戦争をさせない杉並1000人委員会主催講演会報告「もう始まっている多民族・多文化共生社会~ウソやデマのヘイトにはファクトチェックを~」(戦争をさせない杉並1000人委員会より)

 戦争をさせない杉並1000人委員会は12月14日、総会を開催するとともに、7月の参議院選挙以降、日本において偏狭な「外国人排斥」「排外主義」が跋扈している問題について、移住連共同代表理事の鳥井一平さんをお招きして、講演していただきました。

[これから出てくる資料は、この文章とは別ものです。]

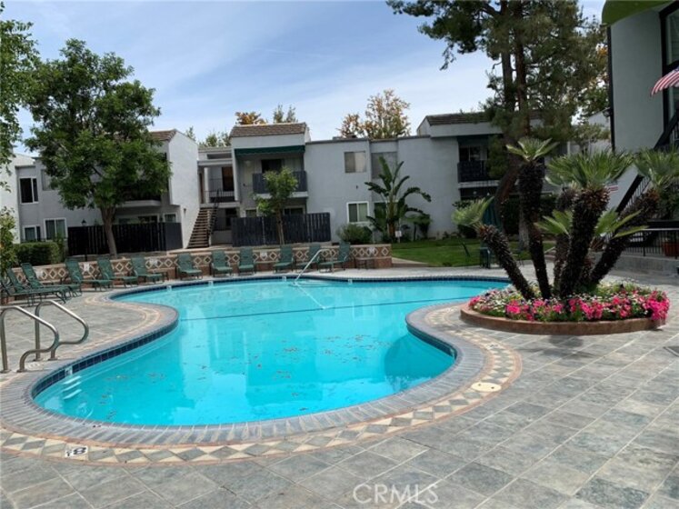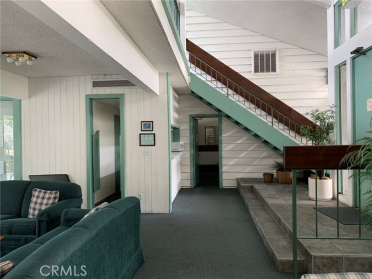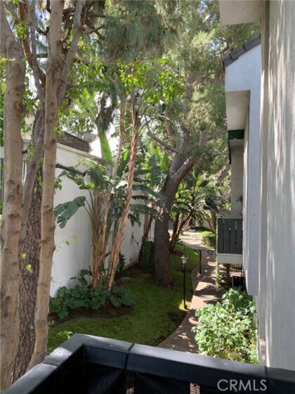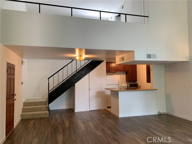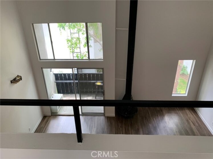 Another winner in the desirable California Place condominium complex. It is ideally located between the pool and parking, no street noise. Move in ready, this large (758 sq ft) contemporary, upper unit has unbelievably high ceilings and lots of natural light. Surrounding trees offer privacy and a beautiful view from your balcony, living room or bedroom loft. The interior is freshly painted with Whisper Grey paint throughout, new Greige carpet in the bedroom, new brown/grey wood laminate flooring. Flooring under-layment is Shaw's top of the line "Groundworks". Floor is easy care, cushioned and quiet. Built in pantry/closet under the stairs. The carpeted bedroom loft includes a walk in closet and updated bathroom. Gated and secure, guard on premises, quiet complex, manicured park-like grounds, pool & spa, bbq area, recreation room, laundry room. It's all here! HOA fees include water, gas, trash, earthquake insurance, grounds maintenance, cable hook up.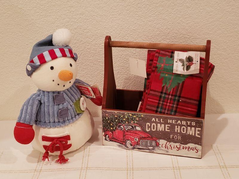 Lot 209: NEW Holiday Tool Box Deco, (8) Foleys Cloth Napkins & Snowman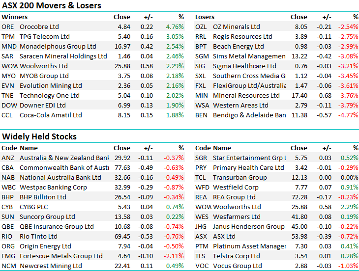 On the mkt today, Woolies reported good sales numbers (more on that below) and that dragged up the staples while the Healthcare stocks lagged. An unpopular call and we did sell this too early however CSL is showing signs of weakness here trading at $138.93. The grind up from sub $120 has been a struggle over the past 4 months and buyers here are looking exhausted. Another tight range today of +/- 26 points, a high of 5934, a low of 5908 and a close of 5909, down -10pts or -0.17%.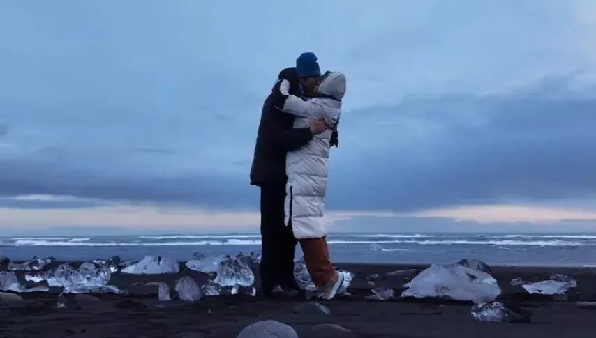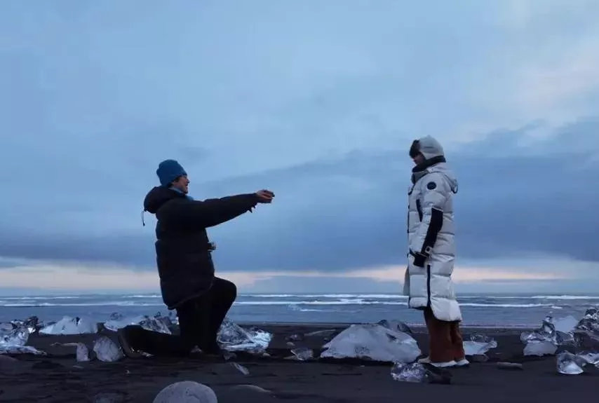 从两人穿搭来看,这场求婚还是比较随性,孙丞潇黑色羽绒服搭蓝色帽子,金莎银色羽绒服、灰色帽子搭红裤子,也算是“红蓝CP色”了。而他们选择的求婚地点也有美好的寓意,“钻石沙滩”象征爱情像钻石和冰川一样永恒。

 鳥井さんは「この間ヘイトスピーチ・ゼノフォビア(外国人嫌悪)が選挙の名を借りて公然と跋扈しているが、地域、産業では人手不足により外国籍労働者が求められ、外国人観光客も増えている実態がある。まず『外国人とは何か』を再確認しなければならない」としたうえで、日本における移住労働者の変遷を解説し「外国人労働者は『雇用調整弁』として扱われ、家族と暮らす居住者としての人権を保障されずにきた」と指摘しました。

 続けて「地域社会における『国際化』とは、地球を意識させる日常の交流の積み重ねにある。教育、医療、社会福祉、社会参加など外国籍労働者とその家族の生活と権利を保障する。管理・監視の対象ではなく、共に生きる働く仲間、地域の隣人、社会の担い手として認めること。人間社会はもともと移民の存在なくしては成り立たない。移住者との共生は、民主主義の深化を示す。つまり、移民、難民は民主主義を体現する存在。私たちは、誰ひとり取り残されることのない社会づくりを目指さなくてはならない。誰かをスケープゴートにするような輩とは『志が違う』のだ」と述べられました。